Available data START

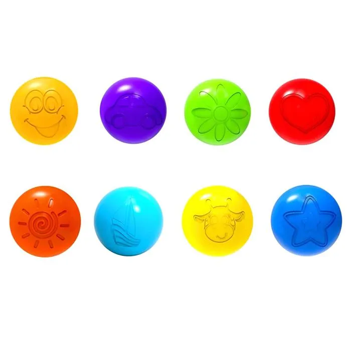Яркие разноцветные шарики для сухого бассейна добавят в детские игры больше позитива, веселья и азарта! На каждом элементе прорисована картинка: машинка, жирафик, солнышко, цветочек, сердечко, кораблик, улыбка или звёздочка. Шарики выполнены в сочных глянцевых красках, они отлично развивают у малышей восприятие цвета.
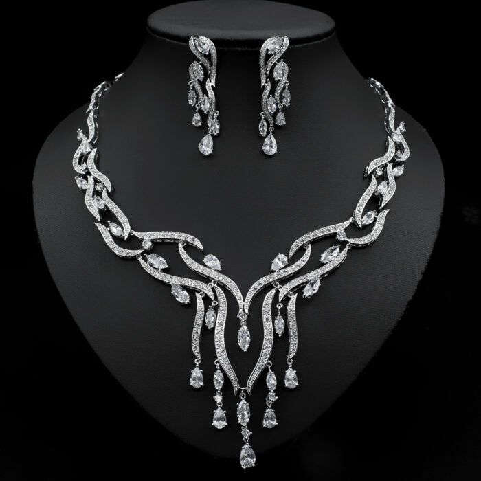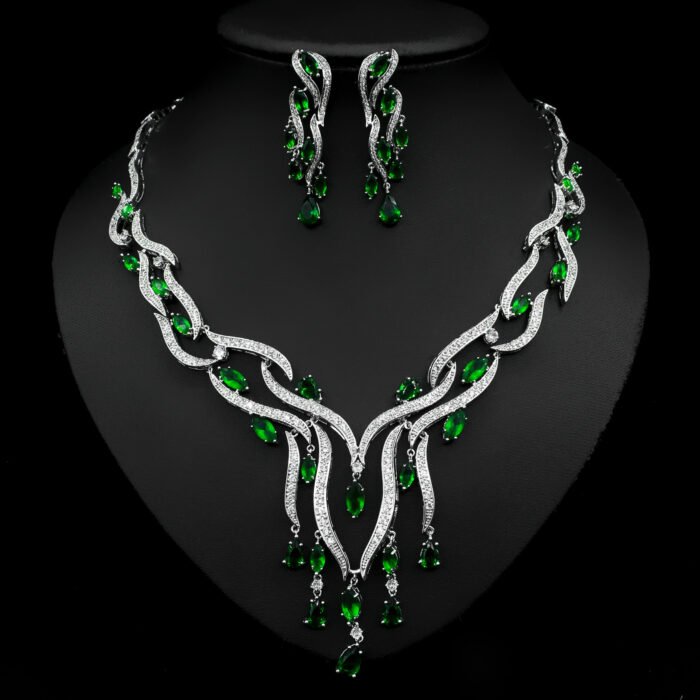 Luxury Crystal Zircon Jewelry Set – Elegant Tassel Pendant Necklace & Earrings (Blue, Green, Red, Yellow)
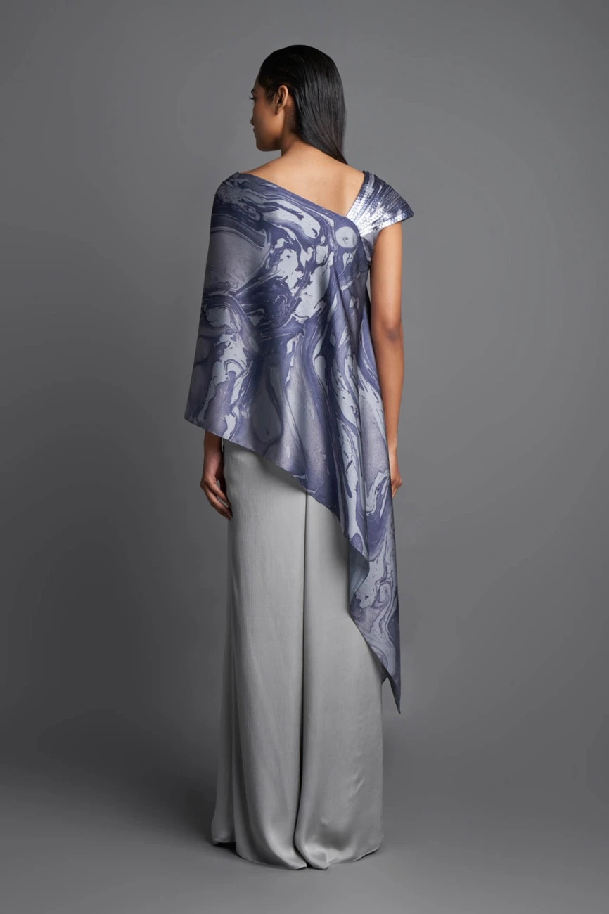 - Asymmetric marbled top with hand woven metallic polymer moulded sleeve
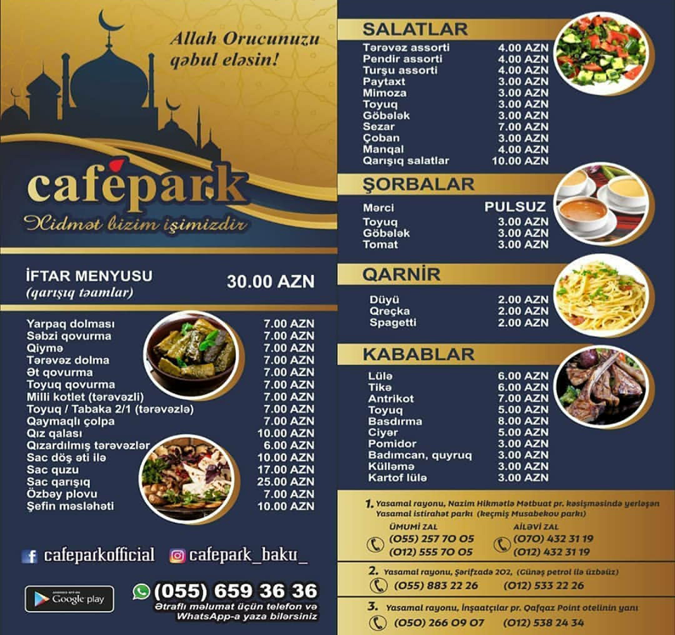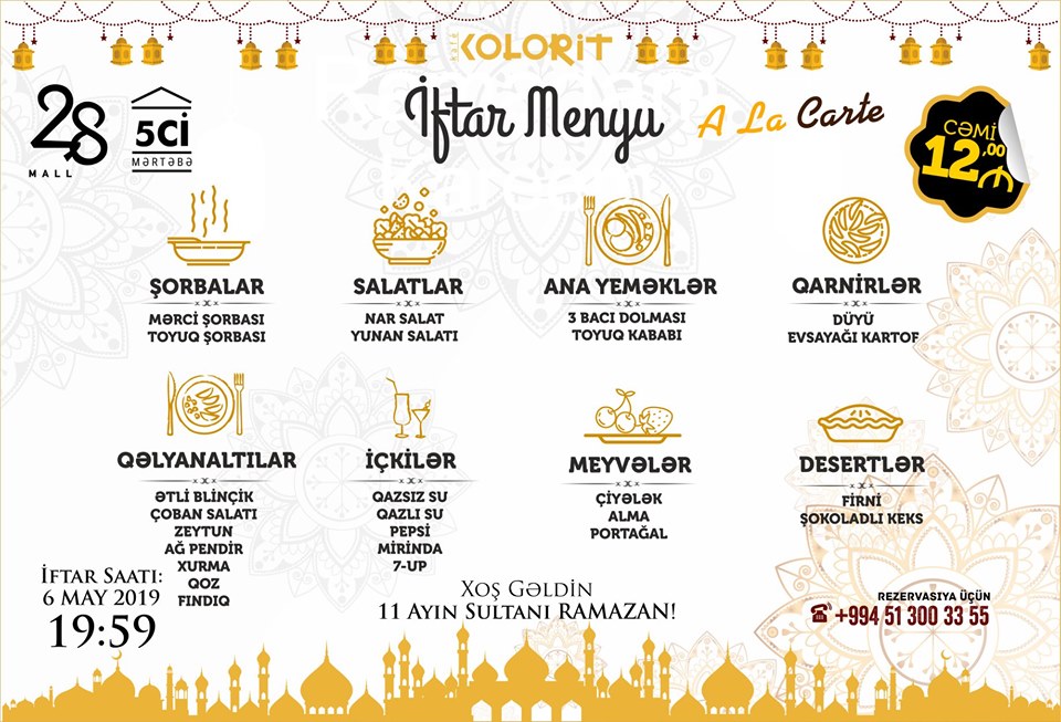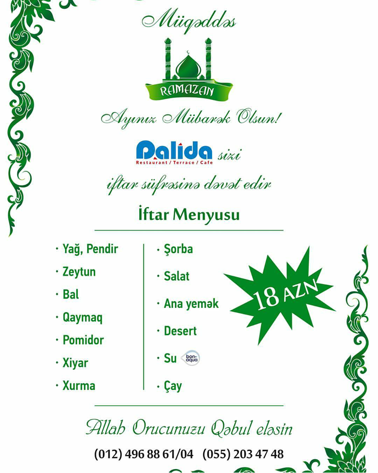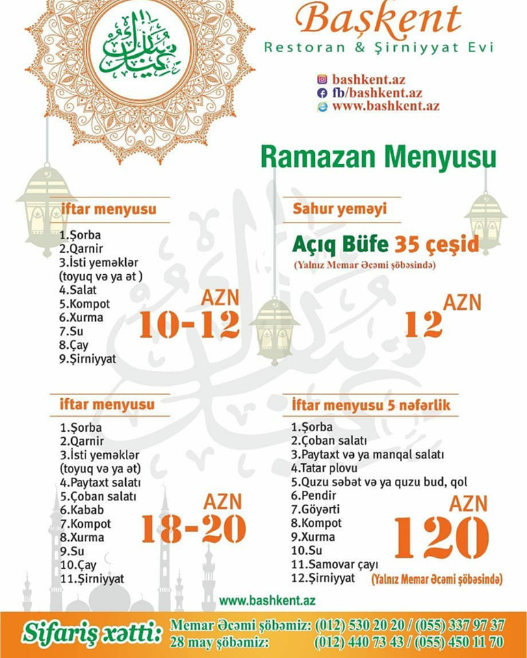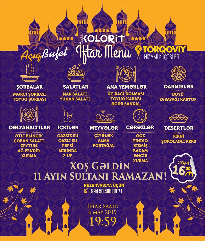 Seyyah.az Bakı restoranlarının iftar menyusun sizə təqdim edir:
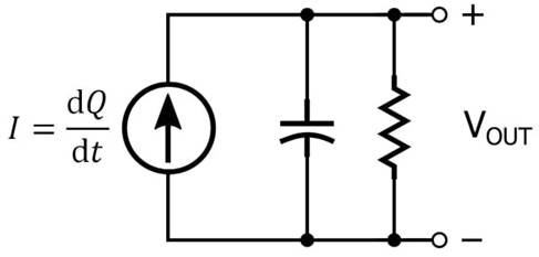 VOUT=1C∫dQdt dt=QCVOUT=1C∫dQdt dt=QC
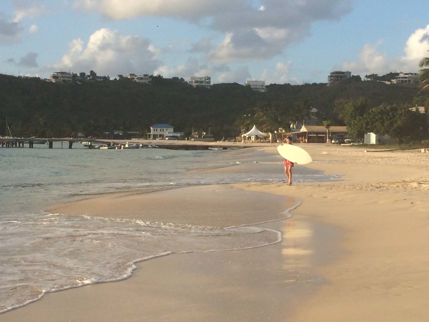 Parmi les planches que nous avons apporté sur Moby figurent 2 skims pour les enfants : une première planche qui date de nos années « Ile Maurice » et que Victor utilisait à Poste Lafayette et une seconde que nous avions pris pour Arthur en Bretagne-pour la Plage des blancs Sablons. A notre arrivée sur les plages d’Anguilla, Victor a tout de suite vu le potentiel du spot :
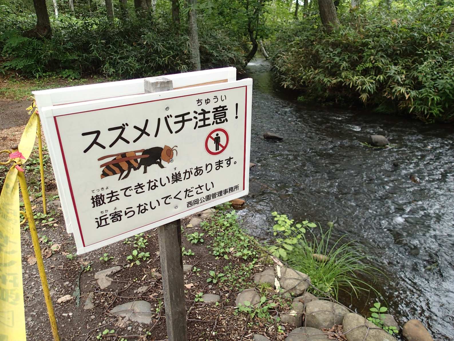 今年は、撤去が難しい巣がいくつかあり、巣の近くに注意看板を出しています。園内を散策される際は充分注意してくださいね!
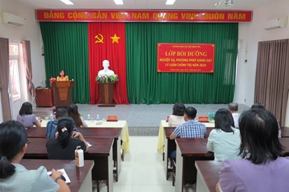 Tin hoạt độngKhánh Hòa: 120 đại biểu được bồi dưỡng nghiệp vụ, phương pháp giảng dạy lý luận chính trịTừ ngày 26 đến ngày 28/8, Trường Chính trị tỉnh Khánh Hòa phối hợp với Ban Tuyên giáo Tỉnh ủy tổ chức Lớp bồi dưỡng nghiệp vụ, phương pháp giảng dạy lý luận chính trị cho 120 đại biểu là giảng viên của Trường Chính trị tỉnh, giảng viên các trung tâm chính trị cấp huyện, các trường đại học, cao đẳng trên địa bàn tỉnh và cán bộ làm công tác tuyên giáo của các đảng ủy trực thuộc Tỉnh ủy.
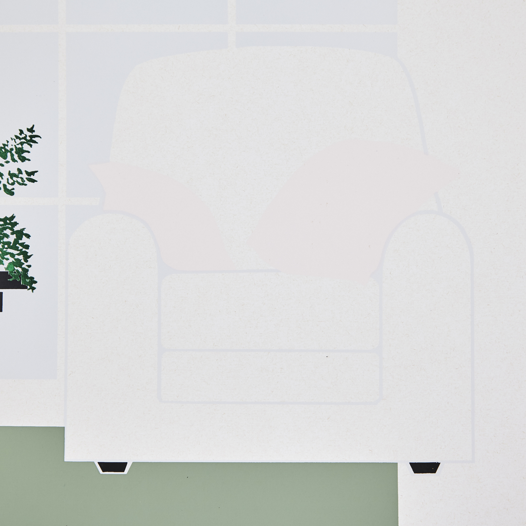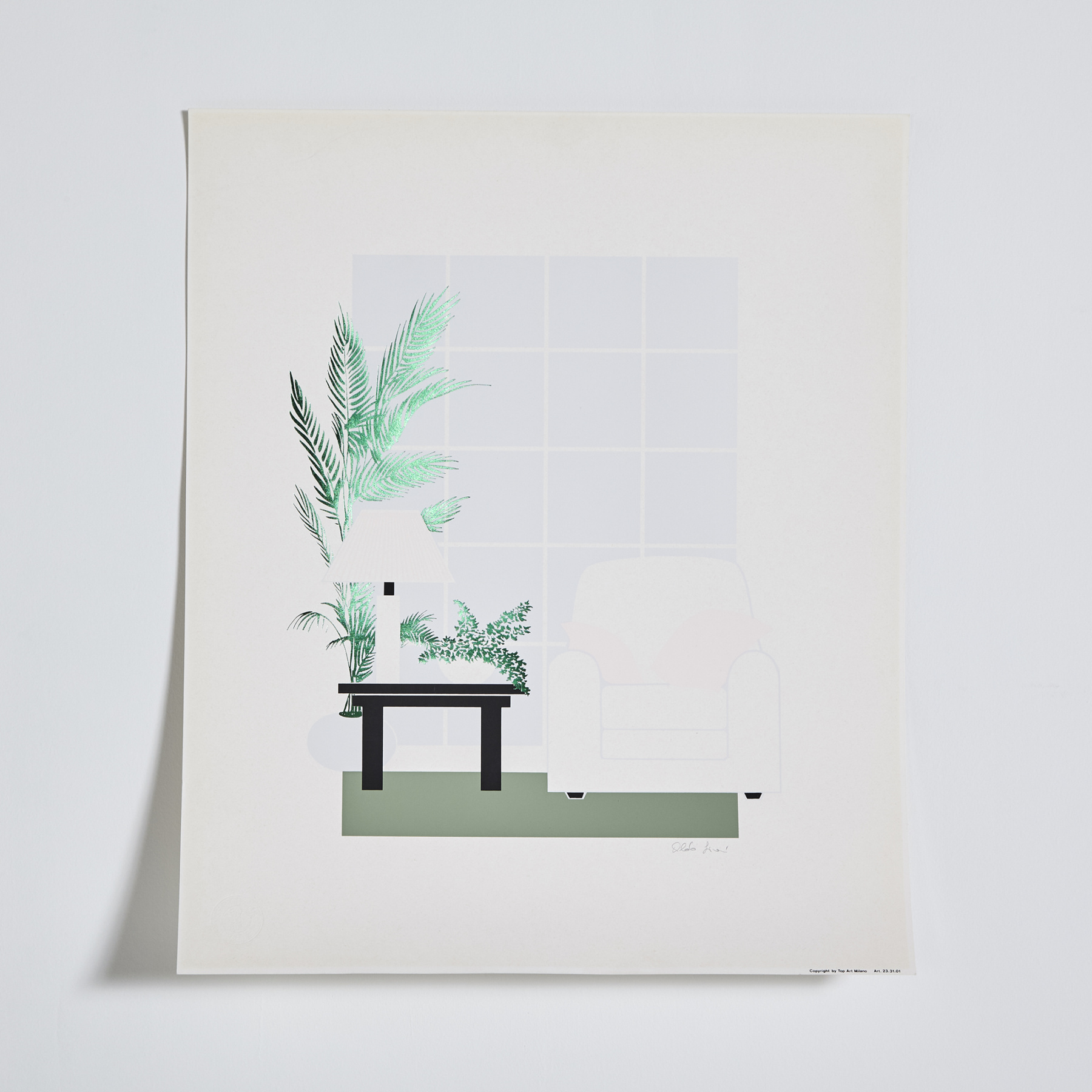 Jelzéssel ellátott hangulatos enteriőrt ábrázoló nyomat Olaszországból, tökéletes állapotban

Available data END

**The problem**
If a record contains a picture, drop the picture and repeat the rest exactly.

**Written solution**
Яркие разноцветные шарики для сухого бассейна добавят в детские игры больше позитива, веселья и азарта! На каждом элементе прорисована картинка: машинка, жирафик, солнышко, цветочек, сердечко, кораблик, улыбка или звёздочка. Шарики выполнены в сочных глянцевых красках, они отлично развивают у малышей восприятие цвета.
 Luxury Crystal Zircon Jewelry Set – Elegant Tassel Pendant Necklace & Earrings (Blue, Green, Red, Yellow)
 - Asymmetric marbled top with hand woven metallic polymer moulded sleeve
 Seyyah.az Bakı restoranlarının iftar menyusun sizə təqdim edir:
 VOUT=1C∫dQdt dt=QCVOUT=1C∫dQdt dt=QC
 Parmi les planches que nous avons apporté sur Moby figurent 2 skims pour les enfants : une première planche qui date de nos années « Ile Maurice » et que Victor utilisait à Poste Lafayette et une seconde que nous avions pris pour Arthur en Bretagne-pour la Plage des blancs Sablons. A notre arrivée sur les plages d’Anguilla, Victor a tout de suite vu le potentiel du spot :
 今年は、撤去が難しい巣がいくつかあり、巣の近くに注意看板を出しています。園内を散策される際は充分注意してくださいね!
 Tin hoạt độngKhánh Hòa: 120 đại biểu được bồi dưỡng nghiệp vụ, phương pháp giảng dạy lý luận chính trịTừ ngày 26 đến ngày 28/8, Trường Chính trị tỉnh Khánh Hòa phối hợp với Ban Tuyên giáo Tỉnh ủy tổ chức Lớp bồi dưỡng nghiệp vụ, phương pháp giảng dạy lý luận chính trị cho 120 đại biểu là giảng viên của Trường Chính trị tỉnh, giảng viên các trung tâm chính trị cấp huyện, các trường đại học, cao đẳng trên địa bàn tỉnh và cán bộ làm công tác tuyên giáo của các đảng ủy trực thuộc Tỉnh ủy.
 Jelzéssel ellátott hangulatos enteriőrt ábrázoló nyomat Olaszországból, tökéletes állapotban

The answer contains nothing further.